WHAT IS NEEDED:
Starting with the line that has "Sign with the" in the records below and ending with the line that has "Paragraf Lex cjenovnik", output those lines exactly and nothing more; omit the pictures.

Data items:
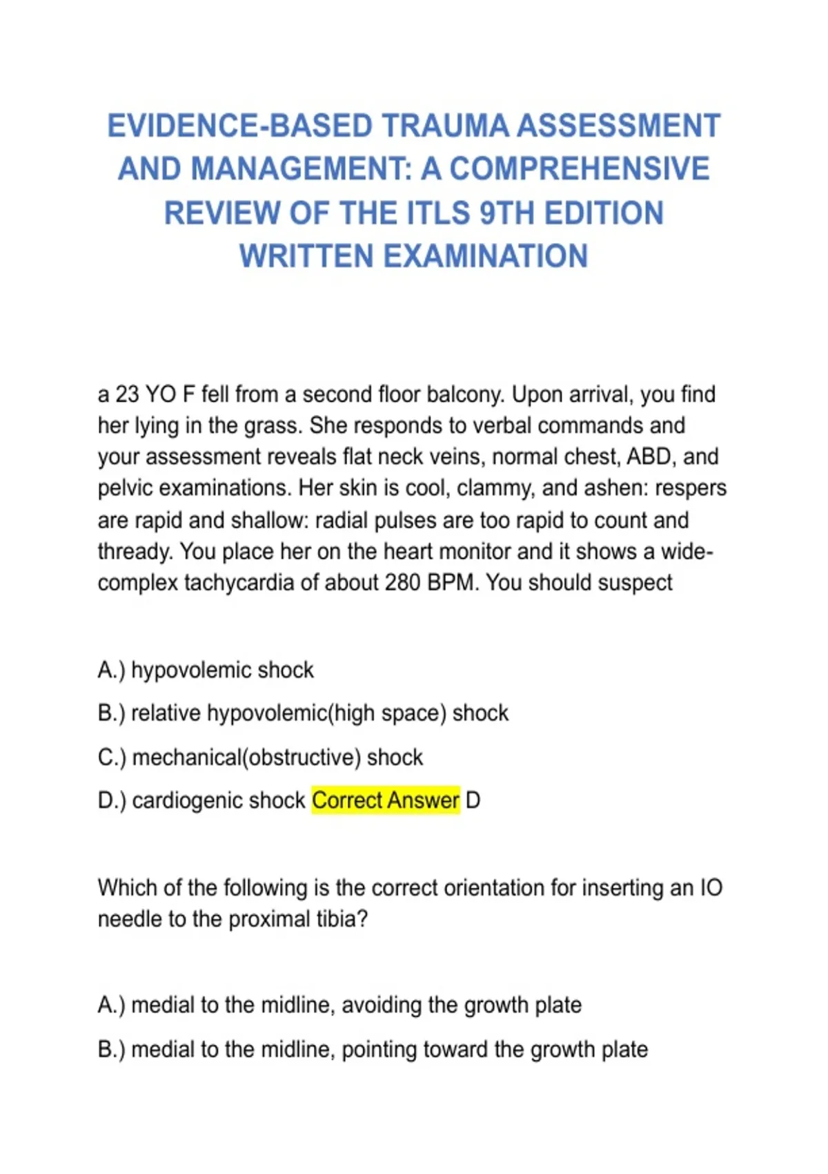 EVIDENCE-BASED TRAUMA ASSESSMENT AND MANAGEMENT: A COMPREHENSIVE REVIEW OF THE ITLS 9TH EDITION WRITTEN EXAMINATION
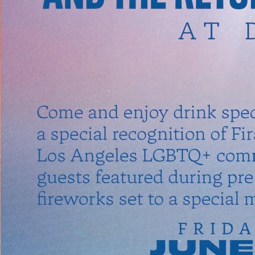 All material in the Los Angeles Blade is protected by federal copyright law and may not be reproduced without the written consent of the Los Angeles Blade. e sexual orientation of advertisers, photographers, writers and cartoonists published herein is neither inferred nor implied. e appearance of names or pictorial representation does not necessarily indicate the sexual orientation of that person or persons. Although the Los Angeles Blade is supported by many ne advertisers, we cannot accept responsibility for claims made by advertisers. Unsolicited editorial material is accepted by the Los Angeles Blade, but the paper cannot take responsibility for its return. e editors reserve the right to accept, reject or edit any submission. A single copy of the Los Angeles Blade is available from authorized distribution points, to any individual within a 50-mile radius of Los Angeles, CA. Multiple copies are available from the Los Angeles Blade o ce only. Call for rates. If you are unable to get to a convenient free distribution point, you may receive a 26-week mailed subscription for $195 per year or $5.00 per single issue. Checks or credit card orders can be
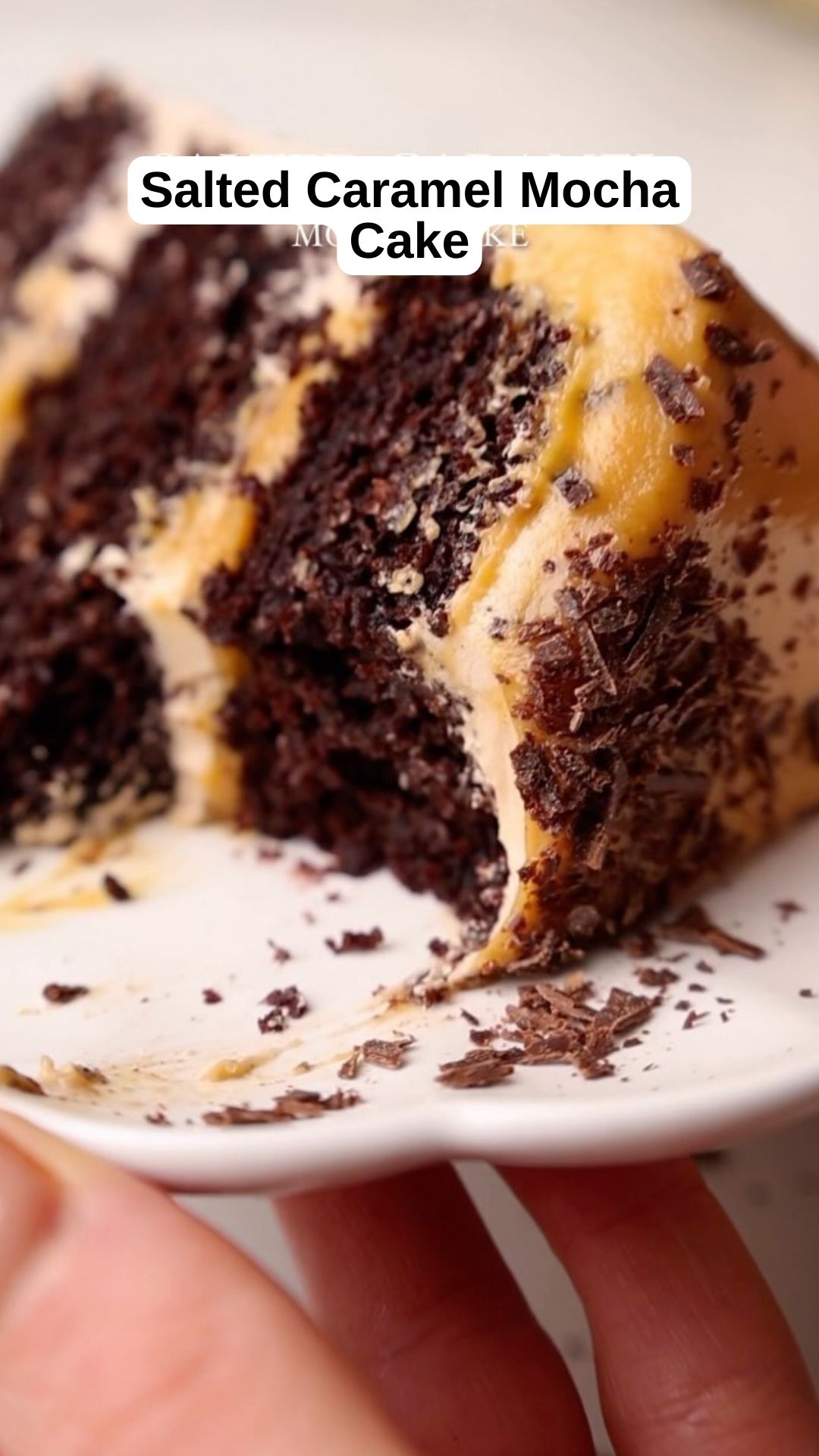 Introducing my Salted Caramel Mocha Cake. If you’re looking to bake something special this weekend and you love chocolate and coffee, this cake is for you. It features three layers of moist coffee-flavored chocolate sponge, creamy mocha buttercream, and a delicious salted caramel sauce.
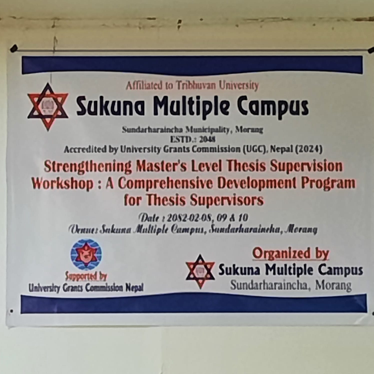 Sukuna Multiple Campus, an institution accredited by the University Grants Commission (UGC) Nepal and affiliated with Tribhuvan University, is hosting a three-day intensive workshop titled "Strengthening Master's Level Thesis Supervision: A Comprehensive Development Program for Thesis Supervisors." Scheduled for Jestha 08, 09, and 10, 2082, at the campus premises in Sundarharaincha, Morang, this program is organized with the strategic support of the University Grants Commission Nepal. The workshop aims to elevate academic standards by providing thesis supervisors with advanced tools and methodologies to better guide postgraduate students through the research process. By focusing on professional development and standardized supervision practices, Sukuna Multiple Campus continues to strengthen its research culture and institutional excellence following its recent 2024 accreditation.
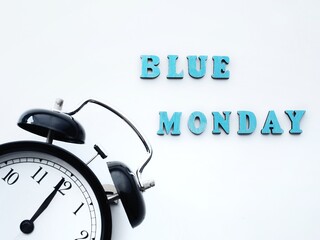 Sign with the words blue monday and one alarm clock at 12am on a white background
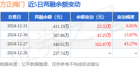 证券之星消息,12月31日,方正阀门(920082)融资买入78.9万元,融资偿还55.57万元,融资净买入23.33万元,融资余额411.19万元,近3个交易日已连续净买入累计173.44万元。
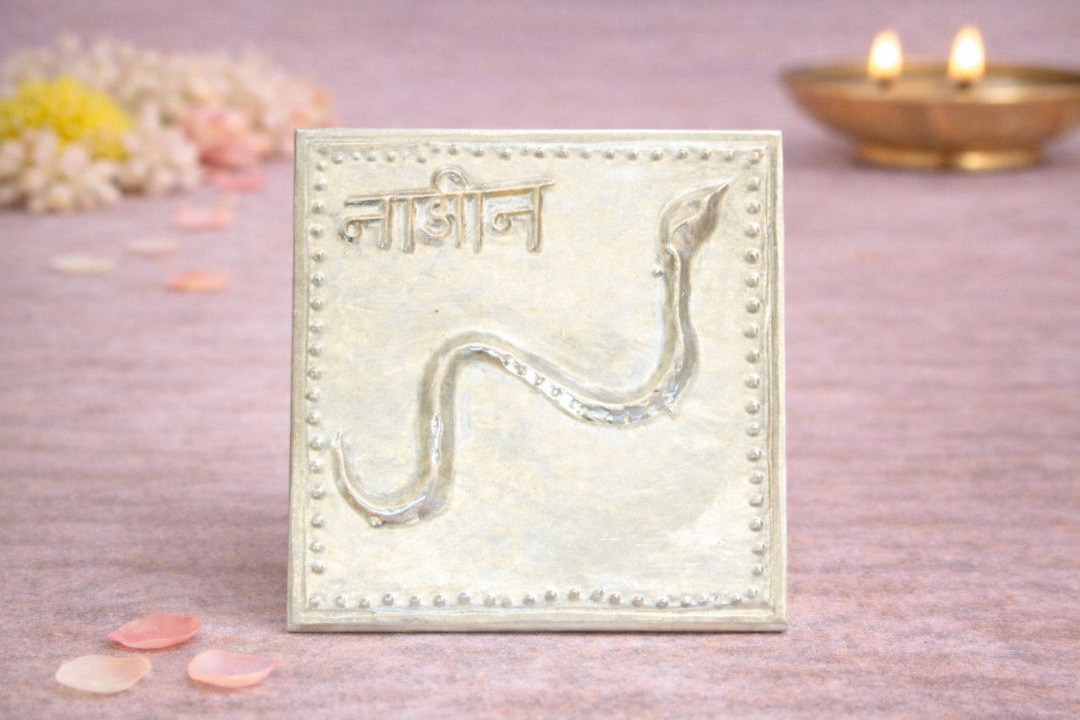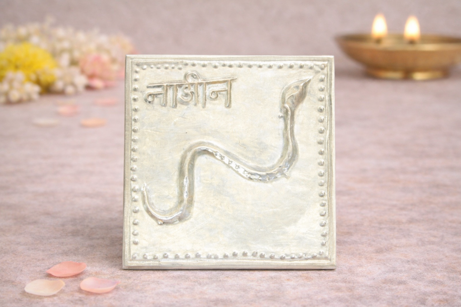 The Nag Nagin Silver Yantra is a spiritually powerful religious article symbolising protection, balance, fertility, and the harmonious union of divine energies in Hindu worship traditions. The sacred serpent form represents cosmic energy (Kundalini Shakti) and is traditionally associated with strength, safeguarding, and prosperity.
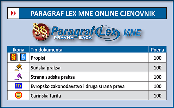 Paragraf Lex cjenovnik prikazuje pojedinačnu vrijednost dokumenata u okviru pravne baze i značajan je za njene pretplatnike. Otvaranjem jednog dokumenta ukupan saldo pretplatnika se umanjuje za vrijednost tog dokumenta.
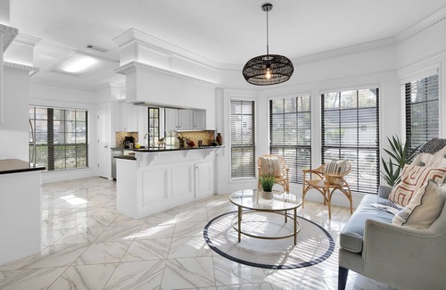 Natural light flows into this bright & cozy ranch style home that is located 5 min from IH-45, restaurants and shopping. 15 min from The Woodlands Market Street & Cynthia Woods Mitchell Pavilion concert venue. Relax and enjoy the spacious open floor plan that flows throughout this bright and fresh home! Spend an afternoon in the screened in outdoor living space while listening to your favorite music on the Bluetooth stereo looking at the beautiful trees and deciding whether you want to go out to a delicious restaurant or order take out on the patio. Either way Casa Blanco is fully stocked and comfy cozy for whatever brings you to our lovely space
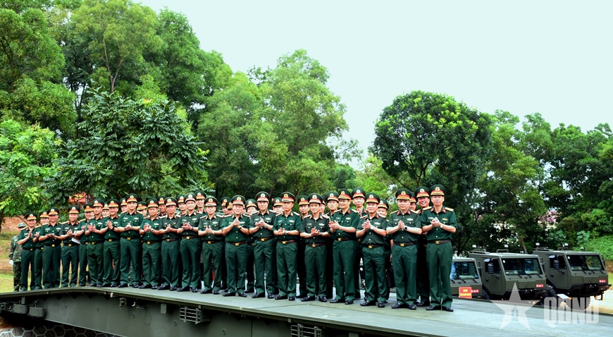 Các đại biểu dự hội nghị tổng kết tham quan trình diễn bắc cầu MS-20S và AM-50S tại Lữ đoàn 229 (Binh chủng Công binh). |
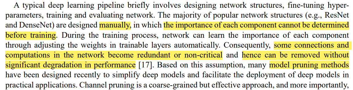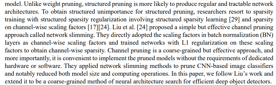 → 전문가에 의해 수동적으로 설계된 deep object detectors는 고유의 불필요한 중복성이 feature channels에 존재한다고 생각해서 parameter 크기와 FLOPS를 channel pruning으로 줄이려고 함

RESULT:
 Sign with the words blue monday and one alarm clock at 12am on a white background
 证券之星消息,12月31日,方正阀门(920082)融资买入78.9万元,融资偿还55.57万元,融资净买入23.33万元,融资余额411.19万元,近3个交易日已连续净买入累计173.44万元。
 The Nag Nagin Silver Yantra is a spiritually powerful religious article symbolising protection, balance, fertility, and the harmonious union of divine energies in Hindu worship traditions. The sacred serpent form represents cosmic energy (Kundalini Shakti) and is traditionally associated with strength, safeguarding, and prosperity.
 Paragraf Lex cjenovnik prikazuje pojedinačnu vrijednost dokumenata u okviru pravne baze i značajan je za njene pretplatnike. Otvaranjem jednog dokumenta ukupan saldo pretplatnika se umanjuje za vrijednost tog dokumenta.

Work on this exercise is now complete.